"Clean, Safe, Affordable Propulsion Through Innovation"

Fuels Technology

Research at Stanford University beginning in 1997 led to a class of very high regression rate fuels for use in hybrid rockets. The new fuel produces a very thin, low viscosity, low surface tension liquid layer on the fuel surface when it burns. The instability of this layer is driven by the oxidizer gas flow in the port and leads to the lift-off of and entrainment of droplets into the gas stream greatly increasing the overall fuel mass transfer rate. In effect, this mechanism acts like a continuous spray injection system distributed along the port with most of the fuel vaporization occurring around droplets convecting between the melt layer and the flame front. Since droplet entrainment is not limited by diffusive heat transfer to the fuel from the combustion zone, this mechanism can lead to much higher surface regression rates than can be achieved with conventional polymeric fuels that rely solely on evaporation. The liquid layer hybrid combustion theory was developed based on this observation as a practical tool for predicting regression rate of liquefying fuels.
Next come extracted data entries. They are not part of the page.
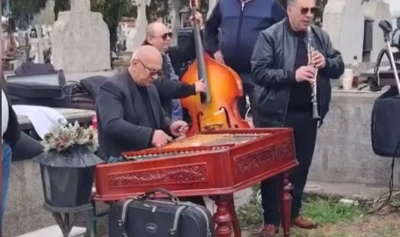 Un concert neobișnuit a avut loc într-un cimitir din Giurgiu, în ziua de Paști. Printre morminte, mai mulți oameni s-au adunat în jurul unor lăutari care au transformat cimitirul într-o scenă improvizată cu tot necesarul: țambal, contrabas, orgă, clarinet și solist.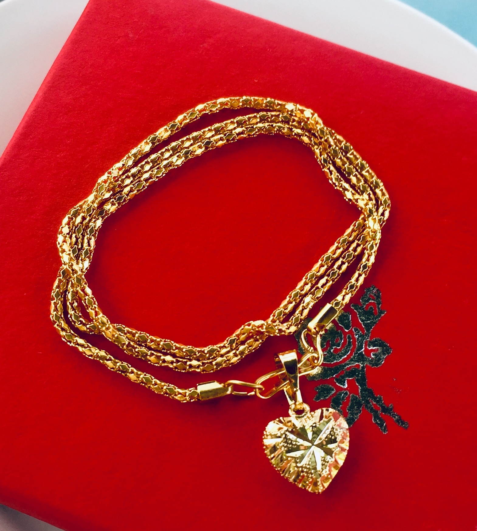 ✨Set Mặt Dây Chuyền Mạ Vàng 18K Đúc Hình Trái Tim Kim Cương, Kèm dây chuyền Mạ vàng 18K và hộp đựng trang sức.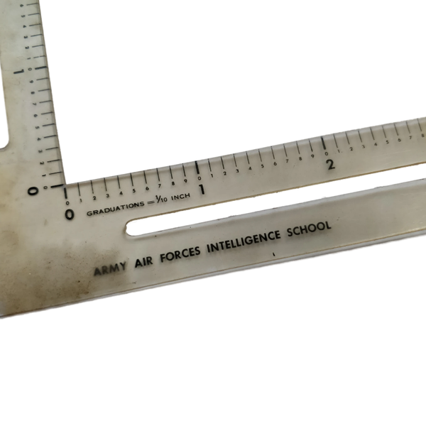 The plotting square is still in good condition and the parts can still move. The plastic is slightly discolored, the square comes with the original paper packaging. These pieces were used for calculating and drawing on maps. A must have for the Air Force collector!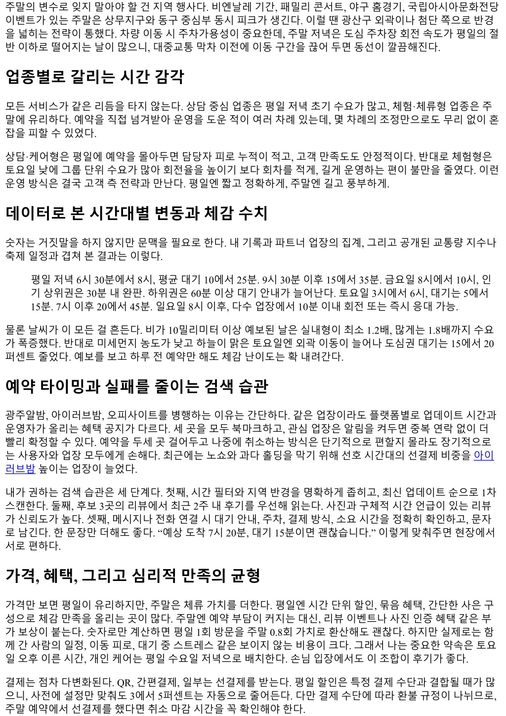 주말의변수로잊지말아야할건지역행사다. 비엔날레기간, 패밀리콘서트, 야구홈경기, 국립아시아문화전당 이벤트가있는주말은상무지구와동구중심부동시피크가생긴다. 이럴땐광산구외곽이나첨단쪽으로반경 을넓히는전략이통했다. 차량이동시주차가용성이중요한데, 주말저녁은도심주차장회전속도가평일의절 반이하로떨어지는날이많으니, 대중교통막차이전에이동구간을끊어두면동선이깔끔해진다. 업종별로갈리는시간감각 모든서비스가같은리듬을타지않는다. 상담중심업종은평일저녁초기수요가많고, 체험·체류형업종은주 말에유리하다. 예약을직접넘겨받아운영을도운적이여러차례있는데, 몇차례의조정만으로도무리없이혼 잡을피할수있었다. 상담·케어형은평일에예약을몰아두면담당자피로누적이적고, 고객만족도도안정적이다. 반대로체험형은 토요일낮에그룹단위수요가많아회전율을높이기보다회차를적게, 길게운영하는편이불만을줄였다. 이런 운영방식은결국고객측전략과만난다. 평일엔짧고정확하게, 주말엔길고풍부하게. 데이터로본시간대별변동과체감수치 숫자는거짓말을하지않지만문맥을필요로한다. 내기록과파트너업장의집계, 그리고공개된교통량지수나 축제일정과겹쳐본결과는이렇다. 평일저녁 6시 30분에서 8시, 평균대기 10에서 25분. 9시 30분이후 15에서 35분. 금요일 8시에서 10시, 인 기상위권은 30분내완판. 하위권은 60분이상대기안내가늘어난다. 토요일 3시에서 6시, 대기는 5에서 15분. 7시이후 20에서 45분. 일요일 8시이후, 다수업장에서 10분이내회전또는즉시응대가능. 물론날씨가이모든걸흔든다. 비가 10밀리미터이상예보된날은실내형이최소 1.2배, 많게는 1.8배까지수요 가폭증했다. 반대로미세먼지농도가낮고하늘이맑은토요일엔외곽이동이늘어나도심권대기는 15에서 20 퍼센트줄었다. 예보를보고하루전예약만해도체감난이도는확내려간다. 예약타이밍과실패를줄이는검색습관 광주알밤, 아이러브밤, 오피사이트를병행하는이유는간단하다. 같은업장이라도플랫폼별로업데이트시간과 운영자가올리는혜택공지가다르다. 세곳을모두북마크하고, 관심업장은알림을켜두면중복연락없이더 빨리확정할수있다. 예약을두세곳걸어두고나중에취소하는방식은단기적으로편할지몰라도장기적으로 는사용자와업장모두에게손해다. 최근에는노쇼와과다홀딩을막기위해선호시간대의선결제비중을아이 러브밤높이는업장이늘었다. 내가권하는검색습관은세단계다. 첫째, 시간필터와지역반경을명확하게좁히고, 최신업데이트순으로 1차 스캔한다. 둘째, 후보 3곳의리뷰에서최근 2주내후기를우선해읽는다. 사진과구체적시간언급이있는리뷰 가신뢰도가높다. 셋째, 메시지나전화연결시대기안내, 주차, 결제방식, 소요시간을정확히확인하고, 문자 로남긴다. 한문장만더해도좋다. “예상도착 7시 20분, 대기 15분이면괜찮습니다.” 이렇게맞춰주면현장에서 서로편하다. 가격, 혜택, 그리고심리적만족의균형 가격만보면평일이유리하지만, 주말은체류가치를더한다. 평일엔시간단위할인, 묶음혜택, 간단한사은구 성으로체감만족을올리는곳이많다. 주말엔예약부담이커지는대신, 리뷰이벤트나사진인증혜택같은부 가보상이붙는다. 숫자로만계산하면평일 1회방문을주말 0.8회가치로환산해도괜찮다. 하지만실제로는함 께간사람의일정, 이동피로, 대기중스트레스같은보이지않는비용이크다. 그래서나는중요한약속은토요 일오후이른시간, 개인케어는평일수요일저녁으로배치한다. 손님입장에서도이조합이후기가좋다. 결제는점차다변화된다. QR, 간편결제, 일부는선결제를받는다. 평일할인은특정결제수단과결합될때가많 으니, 사전에설정만맞춰도 3에서 5퍼센트는자동으로줄어든다. 다만결제수단에따라환불규정이나뉘므로, 주말예약에서선결제를했다면취소마감시간을꼭확인해야한다.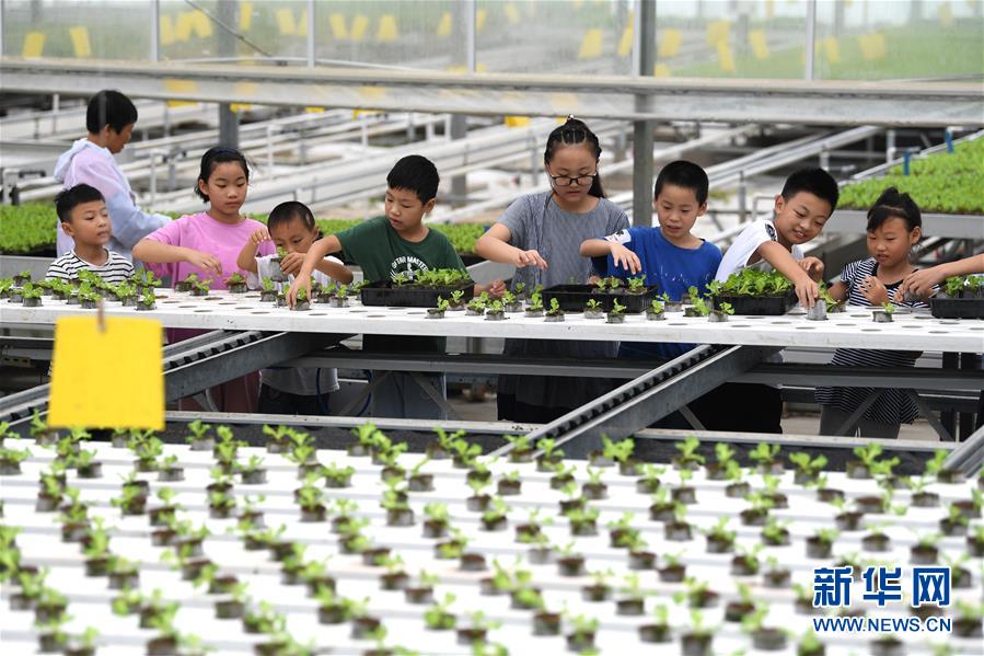 8月9日,在花崗鎮(zhèn)現(xiàn)代農業(yè)示范區(qū)一家蔬菜種植企業(yè)內,小朋友在體驗移栽蔬菜幼苗。當日,安徽省肥西縣花崗鎮(zhèn)開展暑期“親近自然體驗田園”活動,邀請轄區(qū)兒童參觀花崗鎮(zhèn)現(xiàn)代農業(yè)示范區(qū),感受現(xiàn)代農業(yè)的魅力。新華社記者劉軍喜攝。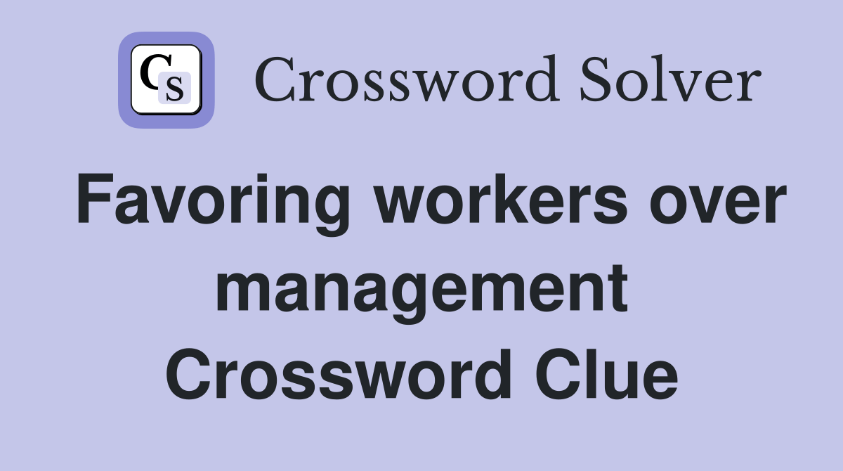 Favoring workers over management Crossword Clue Answers Crossword Solver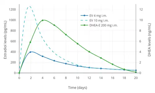 Levels of DHEA peak at about 9 ng/mL within 1 to 4 days of an injection of prasterone enanthate.[1] Subsequently, DHEA levels return to baseline by about 18 days following the injection.[1] Prasterone enanthate has an elimination half-life of about 9 days.[1] The plasma half-life of DHEA/prasterone enanthate following an intravenous injection is about 44 minutes.[1] The half-lives of DHEA metabolites range up to 3.6 days.[1]
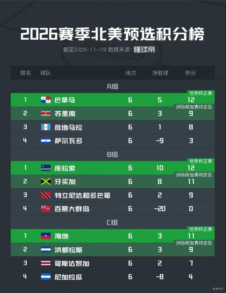 北京时间11月19日,美加墨世界杯北美预选第三阶段已全部结束,巴拿马,库拉索和海地直接出线,比赛第93分钟,危地马拉打入一粒乌龙球,洪都拉斯因为进球劣势出局。海地时隔52年重返世界杯,库拉索队史首进世界杯,巴拿马自2018年后再进世界杯。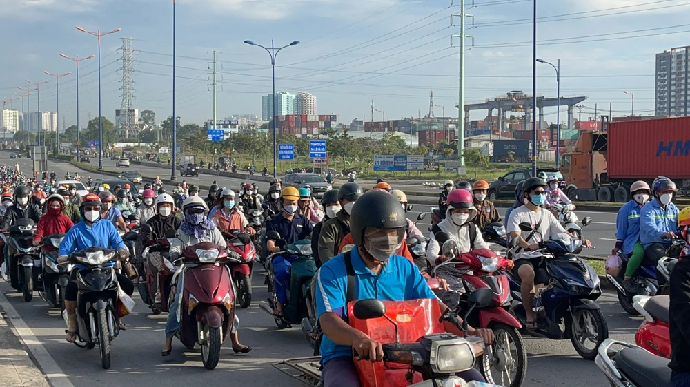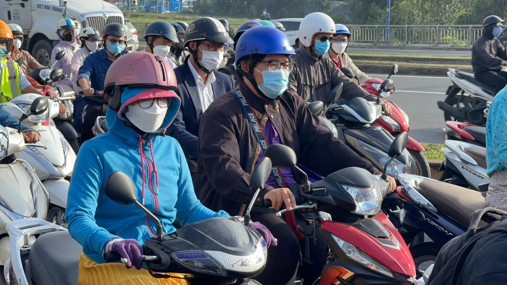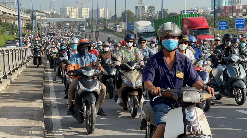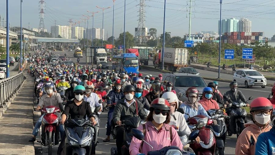 Hàng ngàn xe máy nối đuôi nhau. Ảnh: ĐT.
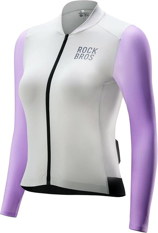 ROCKBROS cykeltrøje dame langærmet cykeltrøje sommer cykeljakke cykeltrøje landevejscykeltrøje med 3 baglommer MTB cykeltøj åndbart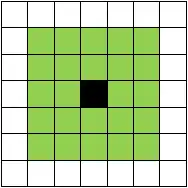 Le voisinage de Moore d'ordre 2 d'une cellule est constitué de la cellule centrale et des vingt-quatre cellules qui l'entourent.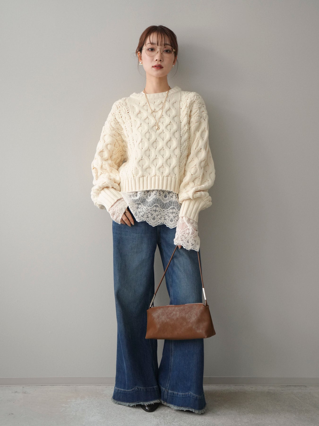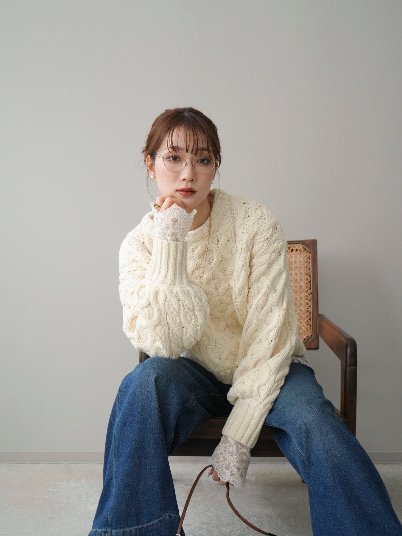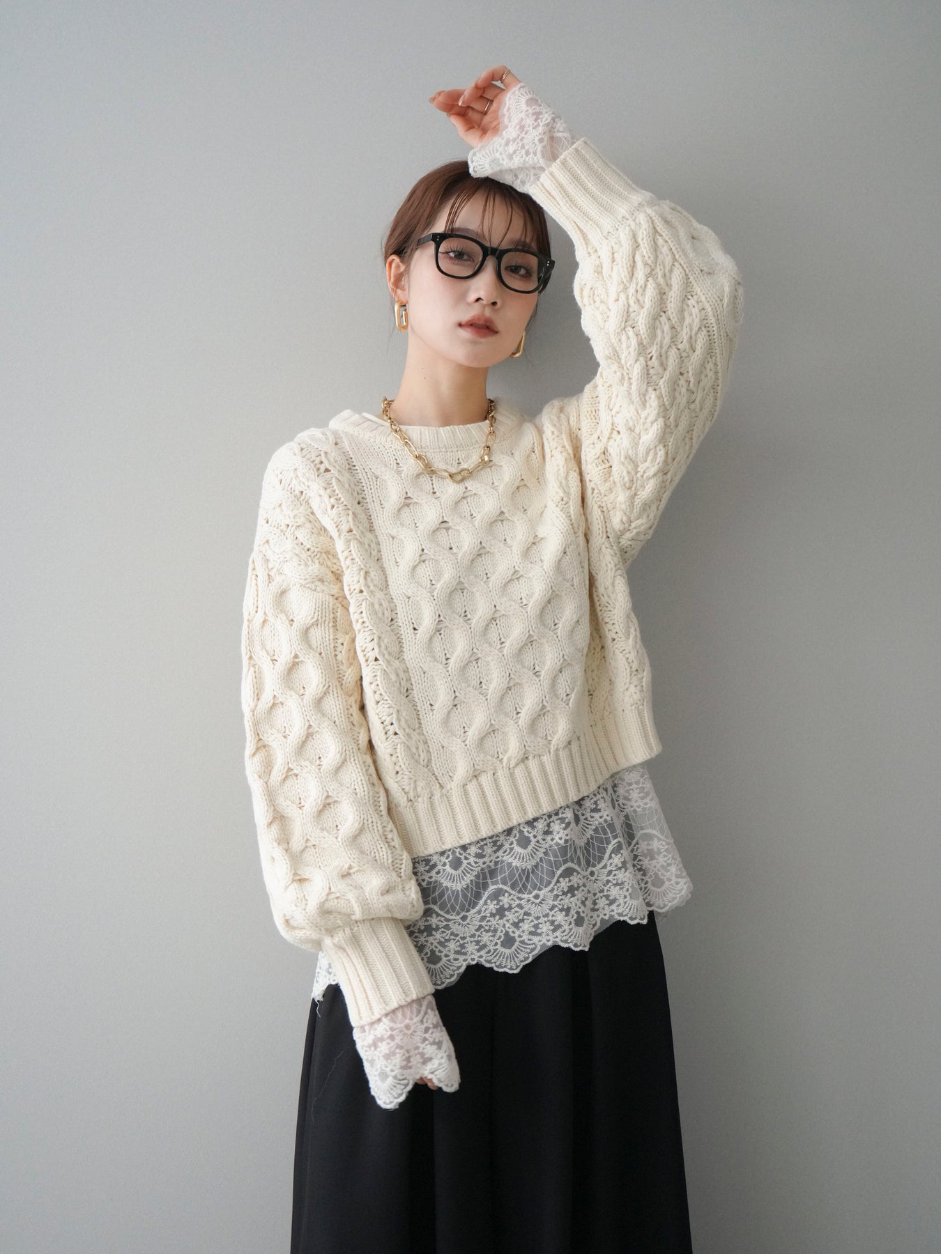 立体感のあるケーブル編みが目を惹く、存在感たっぷりのニットプルオーバー。 バルキーな編み地がシーズンムードを高め、着るだけでコーディネートに温かみと奥行きをプラスします。 程よくボリュームのあるスリーブと、バランスの取りやすいクロップド丈が特徴。 コンパクトな丈感ながら、立体的なシルエットでラフになりすぎず、洗練された印象に仕上がります。 ハイウエストのボトムスやスカートとも相性が良く、 シンプルなスタイリングでも主役として活躍してくれる一着です。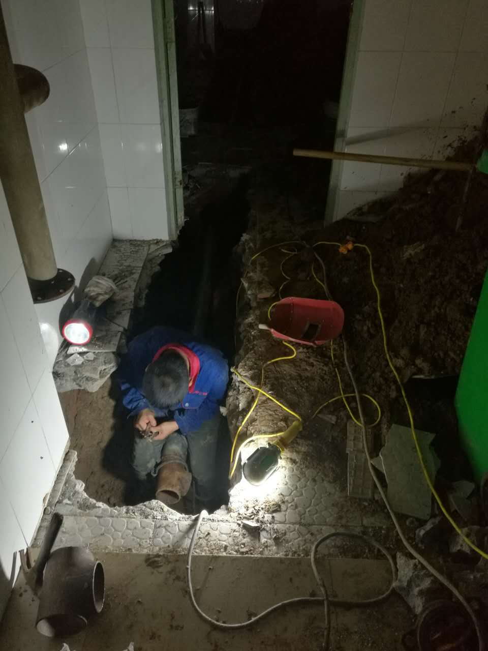 “东启智楼一卫生间出现跑水情况,需要马上赶往抢修!” 9月4日下午5时许,在接到故障通知后,维修班长曹英俊带着队员们出发了。在启智楼卫生间地面上,清水从地下溢出。“先把水闸关了!”果断下达指令后,曹英俊和队员们立刻展开了施工。因为管道在地下,必须先挖开地面。曹英俊和队员们干得很快,一个小时后,地面上的砖就被挖开,露出了下面的水泥垫层。“穿上雨鞋吧,下面会出泥的!”曹英俊说,接下来要用钩机打开水泥垫层,因为跑水的缘故,下面可能已经全是泥了。干他们这活,身上基本没有干净的时候。“下面可就该费劲儿了!”管道埋在地下约2米深的地方,挖的时候要格外小心,因为除了水管,可能还会有电缆等线路,如果不慎挖断,就可能出现断电等严重后果。在潮湿闷热的坑内干活,师傅们不一会儿就汗流浃背,汗液混合着泥水贴在身上,说不出的难受。“管道露出来了!”晚上9时许,破损的管道终于被挖了出来,曹英俊和队员们再次下到了坑里,站在没过膝盖的泥水里,他们开始对水管进行检查。“不算严重,消防管道和供水管道坏了,得换新的!”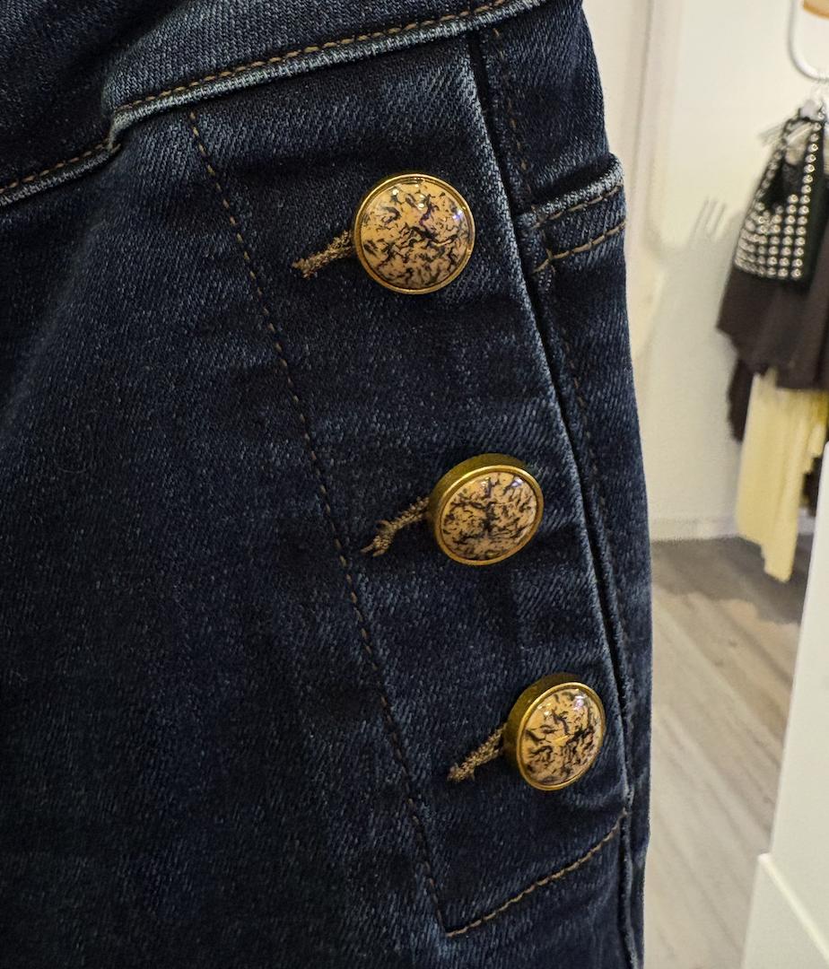Denim de corte recto ligeramente acampanado, con botones en los dos lados a la altura de la cadera y bolsillos traseros.

It was found that members of the normal-alkane class of hydrocarbons which are solid at room temperature for carbon numbers greater than 14 have low surface tension and viscosity at the melt layer conditions typical of hybrid rockets. These fuels, which include the paraffin waxes and polyethylene waxes, are predicted to have high regression rates at oxidizer mass fluxes covering a wide range of hybrid rocket applications. SPG engineers have formulated fast burning paraffin-based fuels using the liquid layer hybrid combustion theory. The advantages of these fuels compared with other technologies are summarized below:

• Regression rate 3-5 times as high as the classic polymeric fuels (including HTPB) enabling efficient, single-port designs.
• The fuel is non-toxic, non-carcinogenic, non-hazardous and environmentally friendly. The by-products of combustion of the new fuel are carbon dioxide and water. In contrast, the by-products of burning conventional solid rocket propellant with ammonium perchlorate (AP) oxidizer include acid forming gases such as hydrogen chloride. Moreover groundwater contamination by AP from rocket propellant manufacturing presents a significant environmental concern.
• Paraffin-based fuels are inexpensive, typically one to two orders of magnitude less than solid propellants (per lb.).
• The ability to precisely and continuously adjust the regression rate without substantially increasing the cost of the fuel or changing the processing technique. The adjustability of the regression rate is a critical virtue that can be quite beneficial in designing efficient hybrid systems with mission flexibility.
• Processing of the fuel grains is simple. Note that no polymerization reactions are involved. No curing agents are required. The scrap pieces of fuel can be re-melted and reused.
• Paraffin waxes are hydrophobic, making them an ideal binder for metal, metal hydride or dense organic additives.
• Being inert, paraffin based fuels effectively have an infinite storage life.
• The glass transition temperature of paraffin-based fuel is estimated to be -108 C, lower than the glass transition temperature of rubbery fuels (i.e. for HTPB Tg is ~ -70 C). Moreover since paraffins are crystalline, the effect of glass transition on material properties is much less severe than for the crosslinked rubbery polymers.
• Paraffin based fuels are approximately 17% denser than liquid kerosene.

Regression rates 3 to 5 times the predicted classical rate have been observed in test motors ranging from laboratory scale to 12,000 lbf. using gaseous oxygen, liquid oxygen and liquid nitrous oxide.